Deal ends 14-year British legal odyssey and lets WikiLeaks founder return to Australia

Assange set to be freed after pleading guilty to breaking US spying law

WikiLeaks founder Julian Assange is due to plead guilty on June 26 to violating US espionage law, in a deal that will set him free after a 14-year British legal odyssey and allow his return home to Australia.

Assange, 52, has agreed to plead guilty to a single criminal count of conspiring to obtain and disclose classified US national defence documents, according to filings in the US District Court for the Northern Mariana Islands.

The deal marks the end of a legal saga that has seen Assange spend more than five years in a British high-security jail and seven holed up in the Ecuadorean Embassy in London as he fought accusations of sex crimes in Sweden and battled extradition to the US, where he faced 18 criminal charges.

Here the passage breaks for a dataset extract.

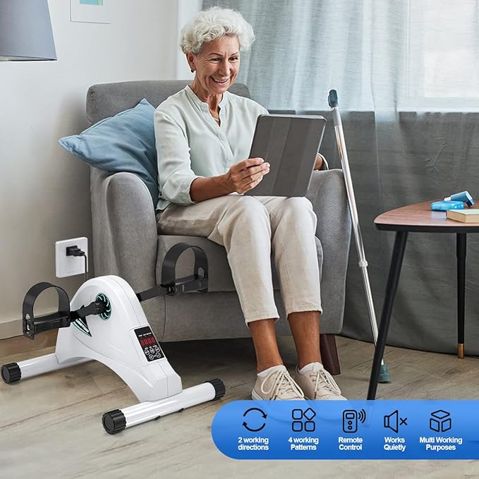 - ๐ERGONOMIC DESIGN & MULTIPLE OPTIONS - This mini electric exercise bike offers multiple options to meet your needs: motorized or manual assisted pedaling, forward and backward. It features ergonomic adjustable pedals, which allow its use both for feet and hands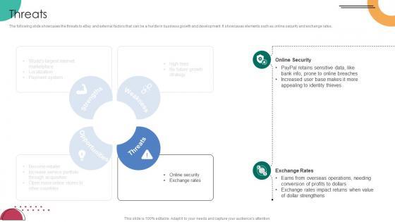 The following slide showcases the threats to eBay and external factors that can be a hurdle in business growth and development. It showcases elements such as online security and exchange rates.Here you can discover an assortment of the finest PowerPoint and Google Slides templates. With these templates, you can create presentations for a variety of purposes while simultaneously providing your audience with an eye-catching visual experience. Download Threats C2C Ecommerce Platform Company Profile CP SS V to deliver an impeccable presentation. These templates will make your job of preparing presentations much quicker, yet still, maintain a high level of quality. Slidegeeks has experienced researchers who prepare these templates and write high-quality content for you. Later on, you can personalize the content by editing the Threats C2C Ecommerce Platform Company Profile CP SS V. The following slide showcases the threats to eBay and external factors that can be a hurdle in business growth and development. It showcases elements such as online security and exchange rates.

The US government viewed him as a reckless villain who had endangered the lives of agents through WikiLeaks’ mass release of secret US documents – the largest security breach of its kind in US military history.

But to free-press advocates and his supporters, who included world leaders, celebrities and some prominent journalists, he is a hero for exposing wrongdoing and alleged war crimes, and was persecuted for embarrassing the US authorities.

At 9am local time on June 26, at a hearing in Saipan, in the Northern Mariana Islands, Assange is due to be sentenced to 62 months of time already served.

The US territory in the Pacific was chosen due to Assange’s opposition to travelling to the mainland US and for its proximity to Australia, prosecutors said.